Forest Service looks to move dead cow on Sopris trail |

Forest Service looks to move dead cow on Sopris trail

Ryan Summerlin
This cow died on the trail to Thomas Lakes and Mount Sopris.
Leslie Madsen |

UPDATE: The Forest Service said Wednesday that it expected the rancher who owned the dead cow to move it away from the Thomas Lakes Trail that day and reintegrate a nearby calf with the herd.

A Denver couple visiting their son in the Roaring Fork Valley on Monday found a bloated cow carcass in their path as they were hiking down from Thomas Lakes.

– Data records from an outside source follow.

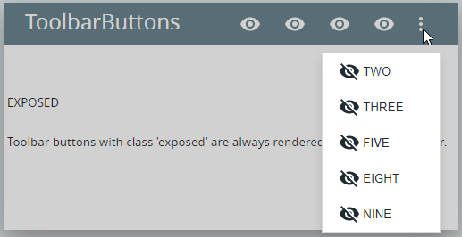 With MD Lycia, if a toolbar includes more than 6 toolbar buttons, these buttons are rendered to the drop-down menu.
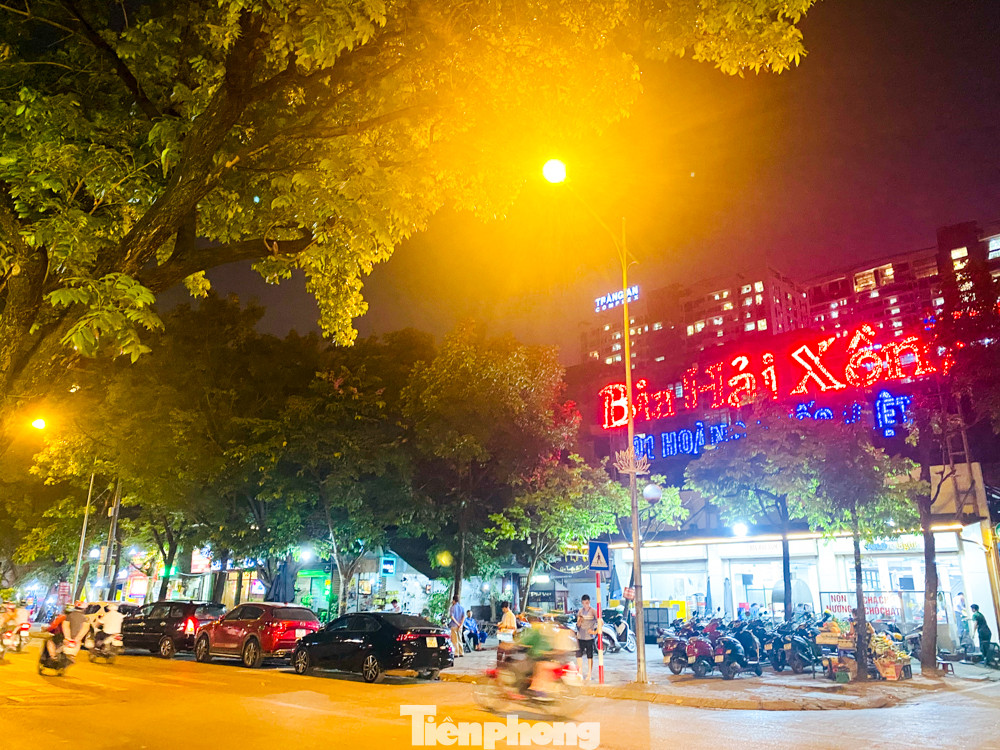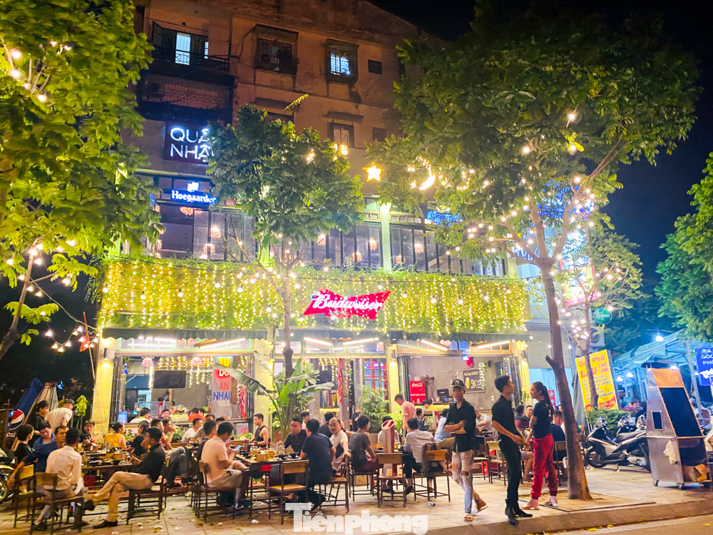 Quán bia trên trục đường Nguyễn Khánh Toàn, khách ngồi tràn ra cả vỉa hè.
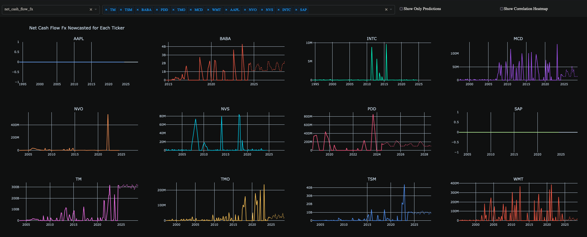 This notebook demonstrates a streamlined approach to nowcasting financial data using the `sovai` library, allowing for quick analysis of accounting metrics for mega-cap stocks.
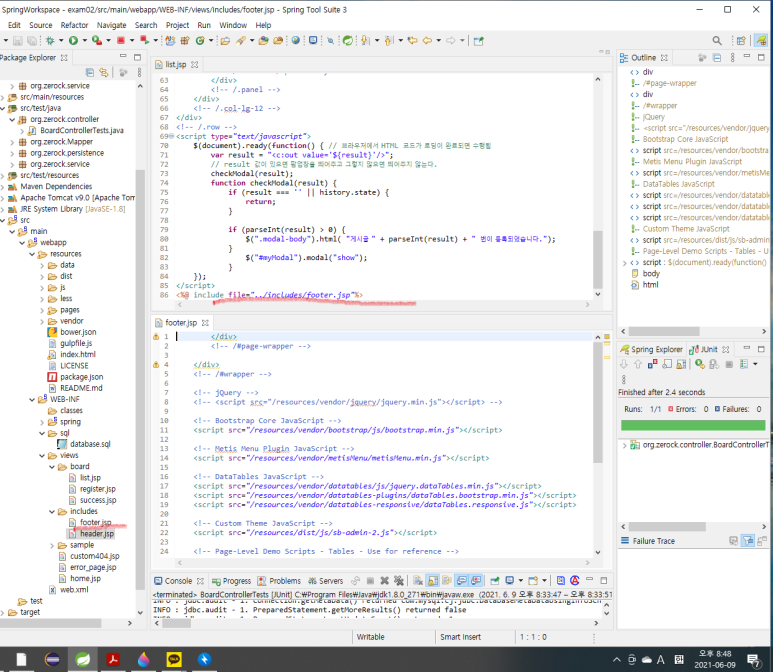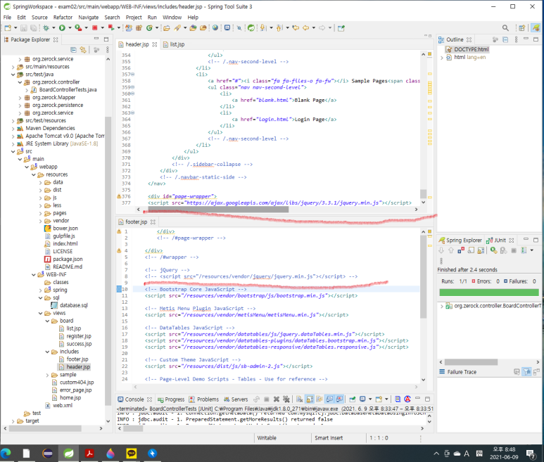 6. footer.jsp 에 있는 jQuery 라이브러리를 주석처리하고 header.jsp의 새로운 라이브러리를 추가합니다.
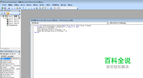 Alt+F11进入VB编辑器,双击左侧 Thisworkbook,进入编辑
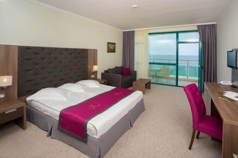 в курортном комплексе Золотые Пески, в 30 км от аэропорта города Варна, в 200 м от центра курорта и в 30 м от пляжа.
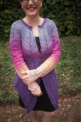 This elegant cardigan was designed to take fullest advantage of gradient-dyed, fingering-weight yarns like this one. The bottom-up, sleeves-first structure lets you use up all of the gradient yarn, using a kettle-dyed main color for the rest of the garment.
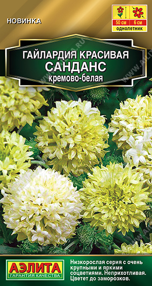 Новая серия низкорослой однолетней гайлардии Санданс (Sundance) европейской селекции. Высокоустойчива к капризам по годы. Неприхотлива и очень декоративна до осенних заморозков. На протяжении лета растения непрерывно образуют пышные махровые шаровидные соцветия ? 5-6 см. Компактные кустики высотой около 40- 50 см эффектно выглядят при высадке группами в рабатках и бордюрах. Это великолепная срезочная и горшечная культура, надолго сохраняющая прекрасный облик.
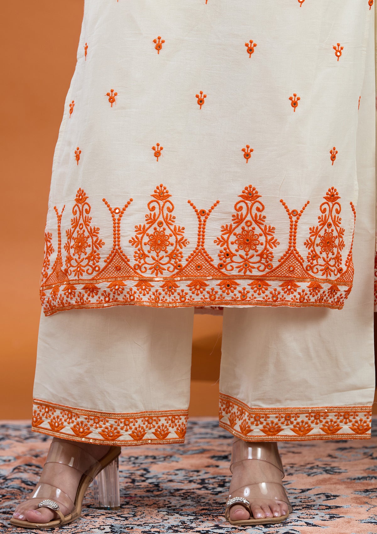 Off White Threadwork Chanderi Readymade Salwar Suit
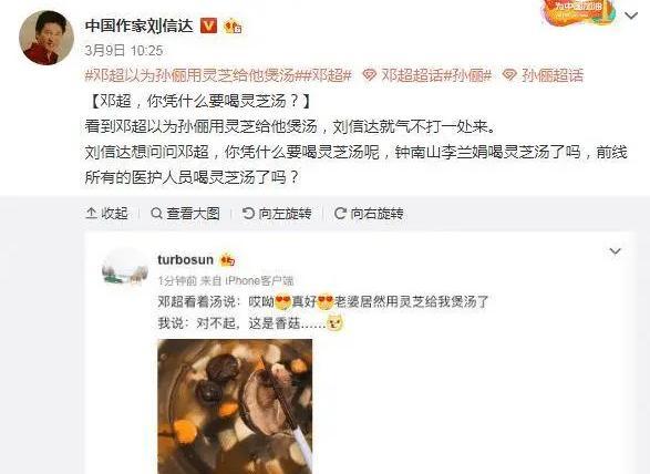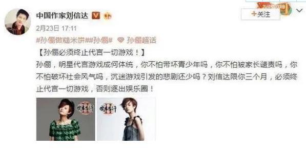 微博上有个名为"中国作家刘信达"的博主,公开喊话孙俪,要求她戒烟,还让她终止一切与游戏有关的代言,说这些容易带坏青少年,如果她不这样做就要将她逐出娱乐圈。但其实这位所谓的作家真实身份并不是什么作家,他是出了名的会蹭热度。
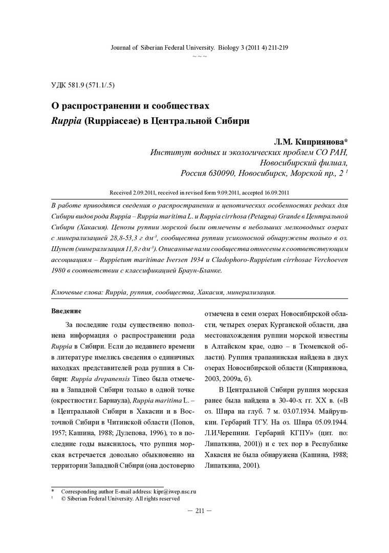 Библиографическое описание:Киприянова, Л. М. О распространении и сообществах Ruppia (Ruppiaceae) в Центральной Сибири = On Distribution and Communities of Ruppia (Ruppiaceae) in Central Siberia / Л. М. Киприянова. - Текст : непосредственный // Журнал Сибирского федерального университета. Биология. - 2011. - Т. 4, № 3. - С. 211-219 : рис.; табл. - Библиогр.: с. 218-219. - ISSN 1997-1389.
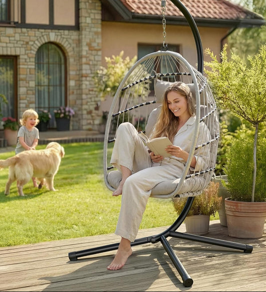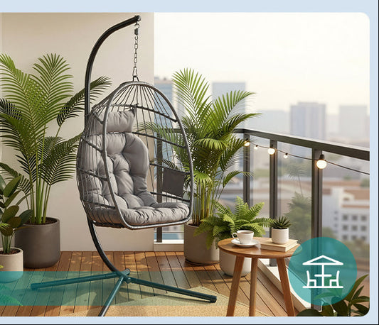 Κρεμαστή Κούνια εξωτερικού χώρου Ρυθμιζόμενου ύψους Στιβαρό Σκελετό Πλαϊνή τσέπη με Παχύ Μαξιλάρι για Σαλόνι Κήπος Μπαλκόνι Γκρι GD-C050GZ01
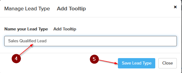 4. On the window that appears, enter the name of the new Lead Type in the input field provided.
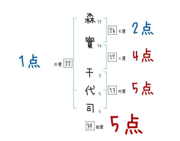 天運![]() | 森實千代司さんの天運は26画の2つ星!波瀾万丈かも。信頼できる人を大事にしましょう。 家系が持つ宿命的な運勢を表します。祖先から受け継いだ苗字ですので自分の力が及びません。家柄を象徴します。 |
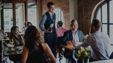 People dining in a cozy restaurant. Waiter serves wine. Diners enjoy food and conversation. Restaurant ambiance with happy diners and good service. People enjoying a meal at French bistro restaurant.
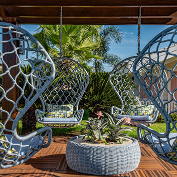A invenção da corda náutica da Tidelli foi um ponto de viragem. A substituição da fibra pela corda tornou o mobiliário Tidelli mais durável, confortável, sustentável e resistente às intempéries. A corda náutica imita a natureza com o aspeto e o toque do junco, ao mesmo tempo que resiste aos efeitos da mãe natureza. Fabricada com fio de poliéster importado da Holanda, a nossa corda náutica é entrançada à mão, não absorve calor nem líquidos e permite inúmeras tramas, espessuras, densidades e padrões exclusivos. A corda náutica Tidelli é fabricada internamente para garantir a sua qualidade artesanal 100% sintética e de alta qualidade - o que a torna tão adequada para a vida ao ar livre. Com o tempo, se exposta à luz solar direta, a corda náutica pode perder algum do seu brilho - reduzindo a tonalidade original. Para melhor cuidar e limpar a sua corda náutica, utilize um pano húmido numa solução de água morna e sabão neutro. Limpe a corda e depois enxagúe-a com outro pano húmido apenas com água. Deixar secar ao ar. Se as manchas forem profundas ou a sujidade persistir, volte a molhar a corda com água e sabão e esfregue. Enxaguar e deixar secar. Não utilizar produtos de limpeza com pressão de água ou produtos químicos agressivos (lixívia, amoníaco, etc.) que possam afetar as fibras que compõem a corda. Nunca utilizar solventes, produtos de remoção, abrasivos ou alcalinos (pH > 8) para limpar os móveis. Evite utilizar outros produtos químicos de limpeza, produtos de limpeza a alta pressão ou produtos de limpeza abrasivos.
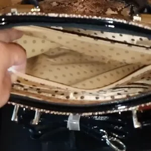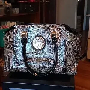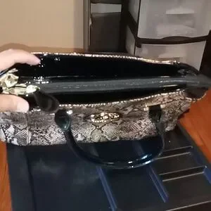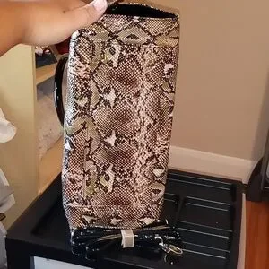 women's accessory bag/purse snake skin pattern black cream green , fashionable bag/purse. new never used but no tags.

Forest Service authorities want it moved because of concerns it will attract predators to the trail.

Leslie Madsen said she, her husband and their son, an organic farmer in Silt, hiked up to Thomas Lakes, “which have a gorgeous campsite,” and the peak of Mount Sopris “with beautiful 360-degree views.”

They saw no signs of a dead animal when the family ventured up the trail Sunday. So Madsen has narrowed the time of death to about a 12-hour window, estimating it must have “keeled over” sometime Sunday night or Monday morning.

Walking back down the trail Monday, they came upon the departed bovine on the trail, bloating on its side about 2½ miles from the trailhead.

That little time was enough for the carcass to begin visibly bloating, emitting noises from escaping gases and leaking fluids, according to Madsen.

“I was just hoping it wasn’t going to explode,” she said. “Soon it’s going to deteriorate into not such a funny thing.”

The hikers said a calf bleated in the brush.

Karen Schroyer, Aspen-Sopris District Ranger, said Tuesday afternoon that Forest Service is reaching out to the rancher who holds the grazing permit, whom she said is responsible for moving the carcass.

If it comes down to it, Forest Service personnel will step in, she said.

Schroyer is partly concerned that some large predators will start feeding on the carcass “so we want to see it dragged away from the trail as soon as possible,” Schroyer wrote in an email.

The rancher could also move the calf back to its herd in the hopes that it’s adopted by another cow, she said.